Poke a Stick in it
I thought about posting something about politics. Say, about how Rep. Istook (R, Oklahoma) managed to insert a paragraph into the 1300 page Omnibus Spending Bill, granting Congressional Committee Chairmen and their staff the right to examine the tax returns of anyone in the country, free of the restraints of privacy regulations. Or about how the House Republicans just voted to allow indicted felons to retain their Committee Chairmanships (how convenient: they could turn around and scrutinize the tax returns of the Prosecutor who indicted them).
Nah, I thought, just another typical week on Capitol Hill. I’ll only really get worried when the Republican Caucus votes to allow convicted felons to retain their Chairmanships and the Appropriations Bill contains language authorizing them to order FBI surveillance of whomever they choose.

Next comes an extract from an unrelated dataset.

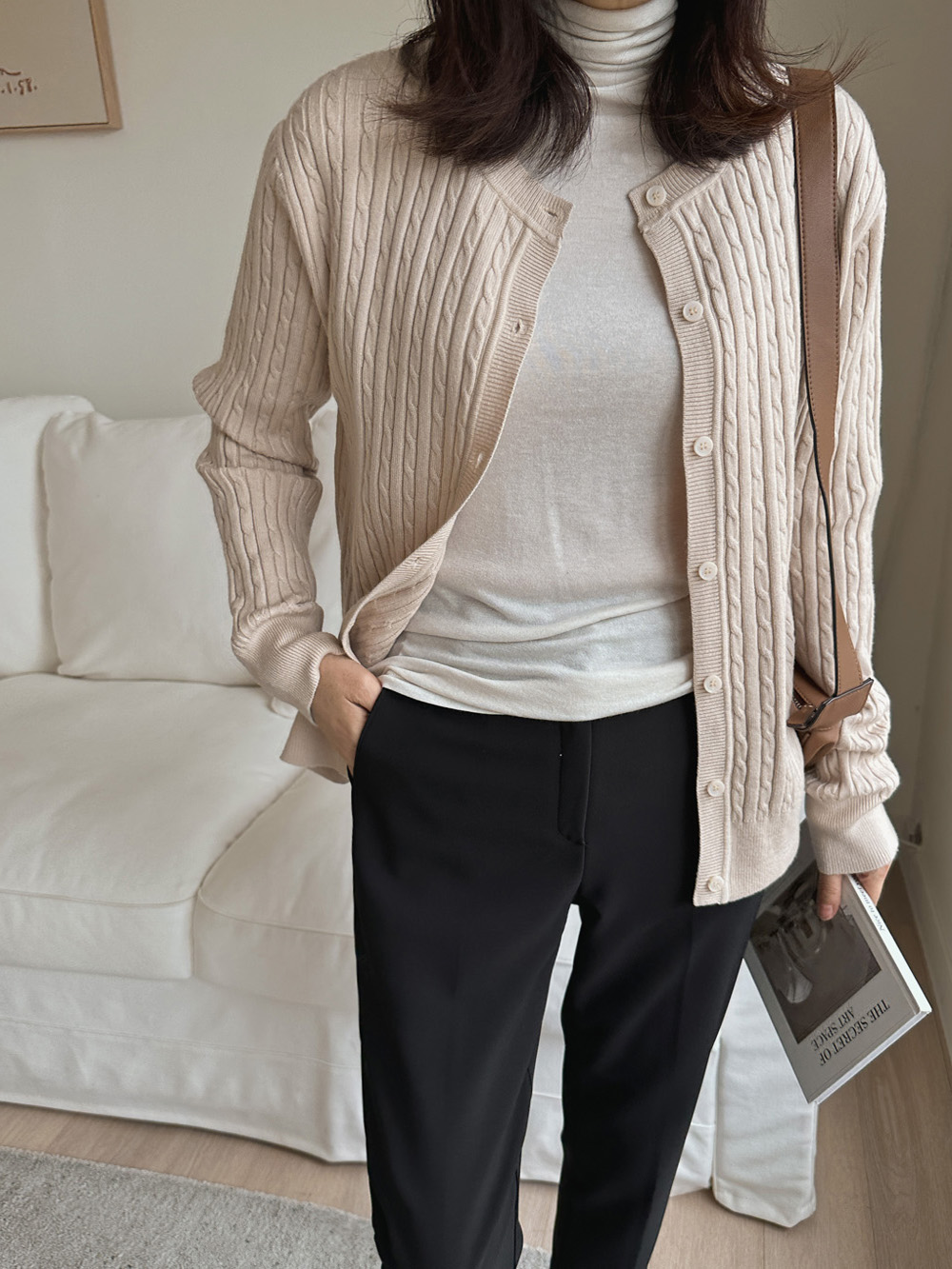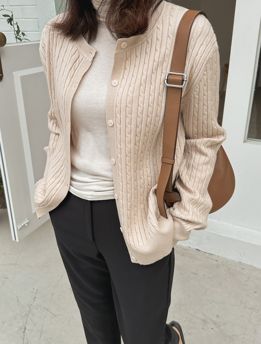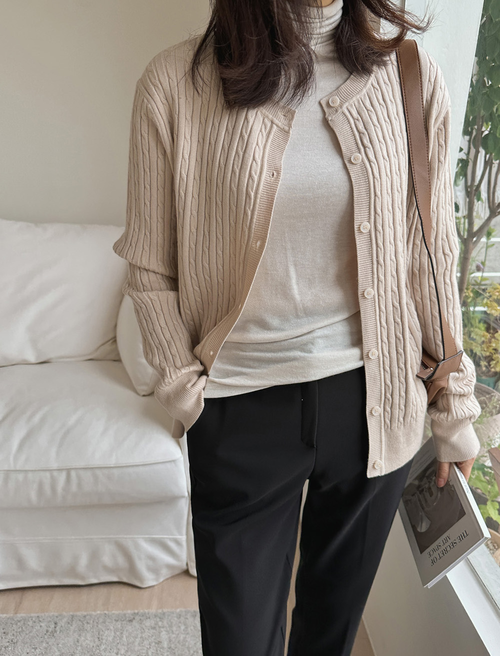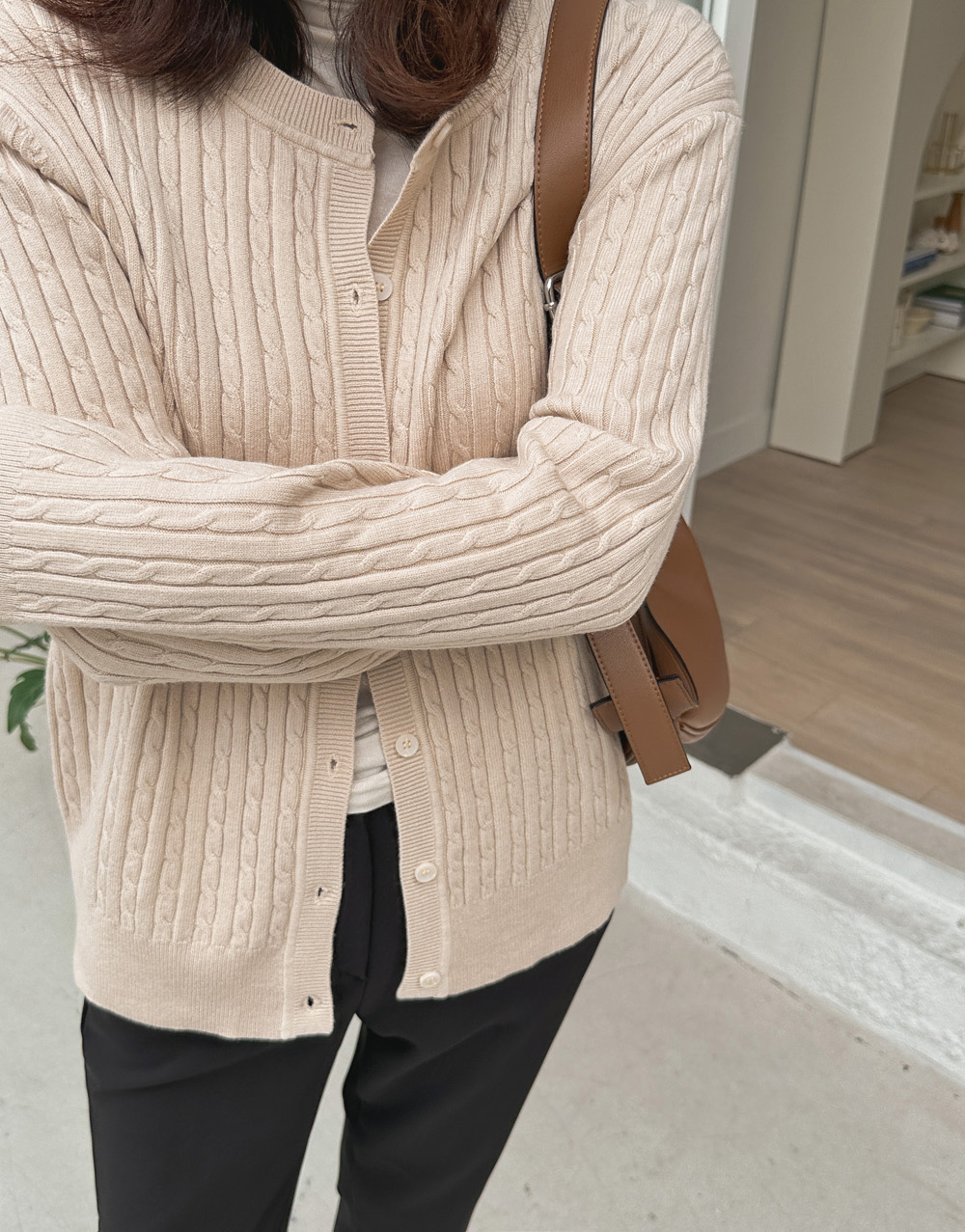 Mark Cable Round Knit Cardigan - 5color, Soft and Cozy Touch - Basic Cable Pattern Cardigan - Style Tiva

Nope, if I want to choose a controversial topic, I should write something about XHTML and MIME types, what we, here at Musings, like to call the “third rail” of Web Design. There are those who say serving XHTML as text/html
is just fine and those who say it’s evil incarnate. Sort of a Red State/Blue State thing, but with much lower stakes.
Me, I figure it’s pointless to argue about whether people currently serving XHTML as text/html
should switch to serving it as application/xhtml+xml
. 99% of it is ill-formed tag soup, which would instantly produce a yellow screen of death if served with the correct MIME type.

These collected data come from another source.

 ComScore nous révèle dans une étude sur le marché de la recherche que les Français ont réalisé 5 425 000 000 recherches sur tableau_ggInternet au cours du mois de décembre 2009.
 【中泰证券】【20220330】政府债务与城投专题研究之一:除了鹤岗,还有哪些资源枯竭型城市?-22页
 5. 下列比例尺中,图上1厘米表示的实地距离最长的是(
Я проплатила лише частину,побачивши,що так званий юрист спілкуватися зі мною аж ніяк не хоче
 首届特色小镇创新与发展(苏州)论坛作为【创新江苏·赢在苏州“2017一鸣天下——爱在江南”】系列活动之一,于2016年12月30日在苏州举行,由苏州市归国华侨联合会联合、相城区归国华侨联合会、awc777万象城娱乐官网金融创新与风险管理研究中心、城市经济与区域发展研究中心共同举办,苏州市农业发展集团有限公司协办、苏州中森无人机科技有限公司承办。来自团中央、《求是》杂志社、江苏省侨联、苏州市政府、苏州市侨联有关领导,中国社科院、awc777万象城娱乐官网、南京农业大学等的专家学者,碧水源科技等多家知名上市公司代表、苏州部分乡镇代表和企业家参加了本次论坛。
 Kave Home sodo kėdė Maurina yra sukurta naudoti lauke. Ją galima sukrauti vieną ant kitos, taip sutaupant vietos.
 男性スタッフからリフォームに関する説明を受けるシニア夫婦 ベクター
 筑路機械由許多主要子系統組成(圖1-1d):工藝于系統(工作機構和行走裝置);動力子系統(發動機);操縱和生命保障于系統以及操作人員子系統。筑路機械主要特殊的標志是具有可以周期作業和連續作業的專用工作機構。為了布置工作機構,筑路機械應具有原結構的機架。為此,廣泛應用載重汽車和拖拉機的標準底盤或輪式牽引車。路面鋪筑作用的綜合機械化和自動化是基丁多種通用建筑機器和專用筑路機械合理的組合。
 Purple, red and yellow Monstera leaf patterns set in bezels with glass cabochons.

But what about the remaining 1%? “I’ve got this XHTML thing down,” they say, “I could switch anytime I want. I just don’t feel the need to … yet.” Yes, pick up a case of the Patch at the pharmacy, and you’ll do fine.
Except …
Aside from the obvious difference that well-formedness now become an absolute requirement (and not an easy one to satisfy) there are lots of subtler differences between otherwise identical documents, served as text/html and application/xhtml+xml. You may not have heard about it, since most discussions get bogged down well before they get to the subtle stuff.

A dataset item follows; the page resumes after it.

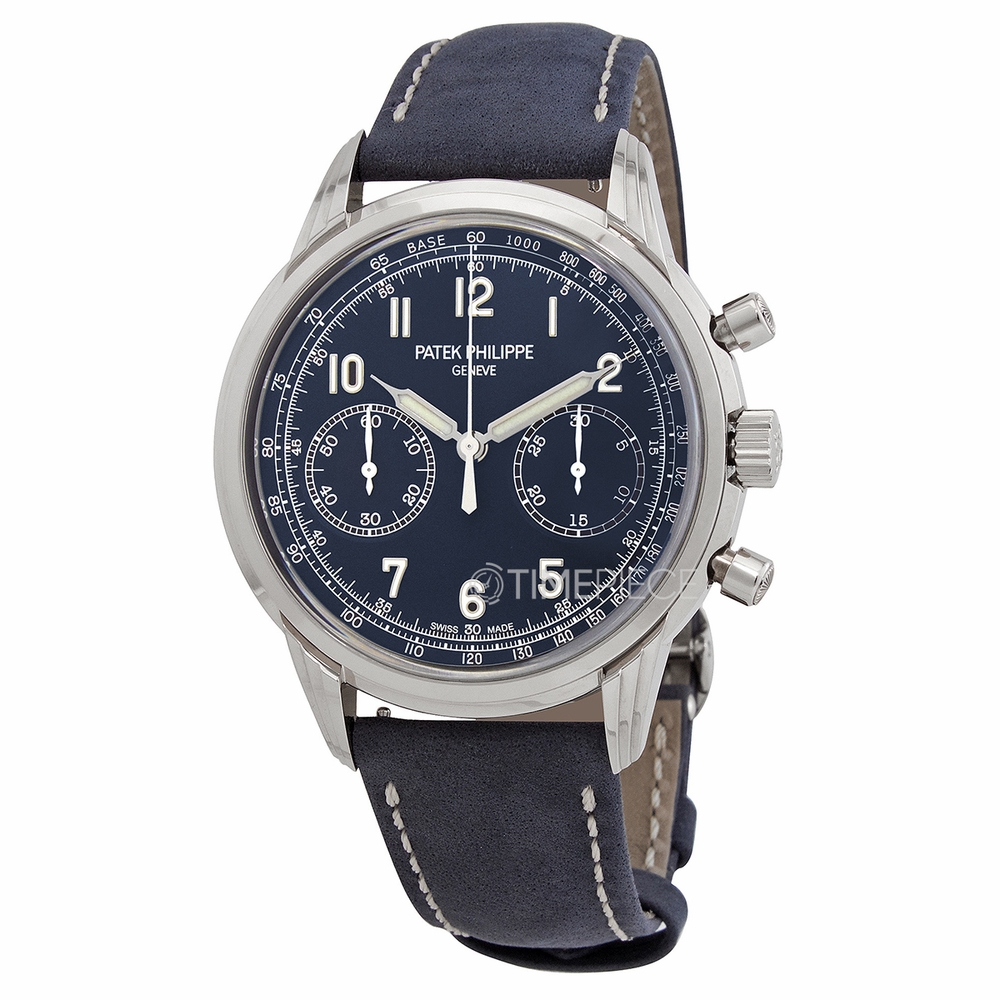 18kt white gold case with a navy blue calfskin band. Fixed 18kt white gold bezel. Blue varnished dial with silver-tone hands and Arabic numeral hour markers. Tachymeter. Dial Type: Analog. Luminescent hands and markers. Chronograph - two sub-dials displaying: 60 second and 30 minute. Patek Philippe Calibre CH 29-535 PS Hand Wind movement, containing 33 Jewels, composed of 269 parts, bitting at 28800 vph, and has a power reserve of approximately 65 hours. Scratch resistant sapphire crystal. Transparent case back. Round case shape, case size: 41 mm, case thickness: 11.45 mm. Fold-over clasp. Water resistant at 30 meters / 100 feet. Functions: chronograph, hour, minute, second. Complications Series. Luxury watch style. Watch label: Swiss Made. Patek Philippe Complications Chronograph Hand Wind Mens Watch 5172G-001.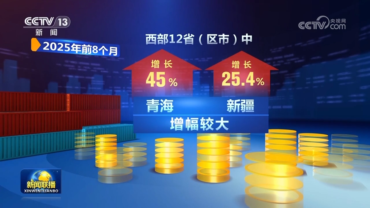 西部12省區(qū)市中,青海、新疆增幅較大,分別增長45%、25.4%。

Fortunately, Gez Lemon has started putting together a test suite to illustrate the differences. Help him out by contributing your own examples of how switching MIME types affects the rendering of XHTML documents.
[Gez also has a service which lets you test serving up any page as application/xhtml+xml
. It’s somewhat more advanced than the one I linked to above.]
Re: Poke a Stick in it
I’ve been thinking I might add an entry “How is the treatment of application/xhtml+xml documents different from the treatment of text/html documents?” in the Mozilla Web Author FAQ. It’s not a frequent newsgroup question but is seems to be a frequent blog issue.
Perhaps “Should I serve application/xhtml+xml to Mozilla?” would also warrant an entry in the FAQ.